Oilfield services firm Petrofac will put about 200 north-east staff members on furlough as part of its response to the Covid-19 outbreak.
London-listed Petrofac hopes to benefit from government schemes created to provide support with salary payments during the lockdown.
Salaries for Petrofac’s board members, senior management and “most employees” will be pruned by 10-15%, while “non-staff overhead costs” will be slashed by up to a quarter.
Capital expenditure will be cut by 40%, with overhead and project support costs to be lowered by at least £81.5 million this year and up to £163m in 2021.
The company is reducing costs in anticipation of a decline in activity levels, sparked by the recent slump in oil prices, caused in turn by the Covid-19 pandemic’s impact on demand and the collapse of a production pact between Saudi Arabia and Russia.
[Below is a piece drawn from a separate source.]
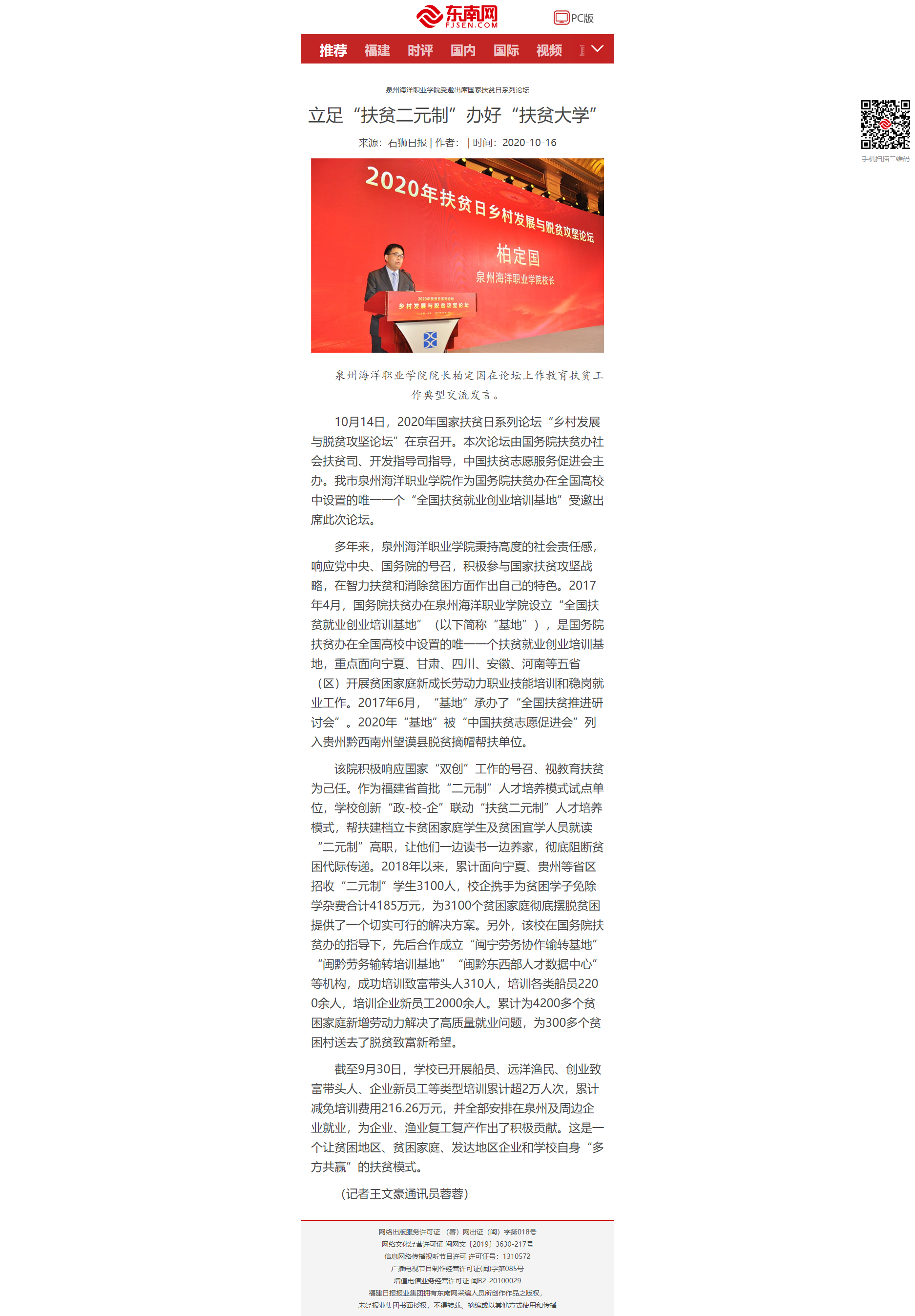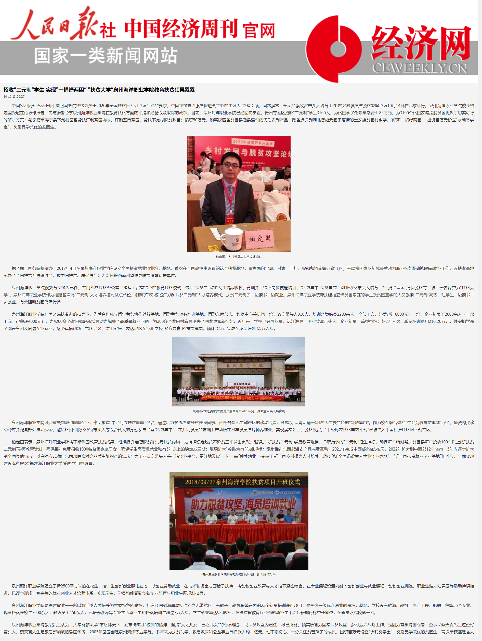 泉州海洋职业学院受邀出席国家扶贫日系列论坛-立足“扶贫二元制”办好“扶贫大学”

Petrofac said today it would lower its global headcount by about a fifth and furlough staff members.
The company’s global headcount is around 11,500, indicating 2,300 positions will be affected, though the 20% reduction in staff won’t be applied evenly across the business.
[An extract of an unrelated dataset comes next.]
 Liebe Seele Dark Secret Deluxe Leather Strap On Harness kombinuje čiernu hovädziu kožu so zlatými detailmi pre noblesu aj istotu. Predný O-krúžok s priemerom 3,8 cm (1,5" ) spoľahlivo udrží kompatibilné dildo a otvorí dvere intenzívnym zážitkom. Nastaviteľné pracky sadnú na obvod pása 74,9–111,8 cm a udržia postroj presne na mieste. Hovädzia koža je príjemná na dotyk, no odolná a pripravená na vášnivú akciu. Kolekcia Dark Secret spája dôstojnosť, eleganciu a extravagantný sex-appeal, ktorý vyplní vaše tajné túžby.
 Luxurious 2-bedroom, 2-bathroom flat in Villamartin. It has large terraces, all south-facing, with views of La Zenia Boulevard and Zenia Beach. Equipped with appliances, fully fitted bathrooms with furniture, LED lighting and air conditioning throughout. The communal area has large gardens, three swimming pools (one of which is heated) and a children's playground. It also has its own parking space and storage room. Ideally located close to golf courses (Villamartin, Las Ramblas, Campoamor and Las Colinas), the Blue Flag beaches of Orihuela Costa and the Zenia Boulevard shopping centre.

Petrofac was tight-lipped on whether workers would be made redundant in Aberdeen, where the firm employed about 900 people, with a further 2,000 in the North Sea, as of late February.
Two-hundred will be spared redundancy by being put on furlough, which means they are kept on the payroll, even though they aren’t working.
Chief executive Ayman Asfari said: “We are taking swift, decisive action in response to the Covid-19 pandemic and lower oil prices to reduce costs, retain our competitiveness and preserve the strength of our balance sheet.”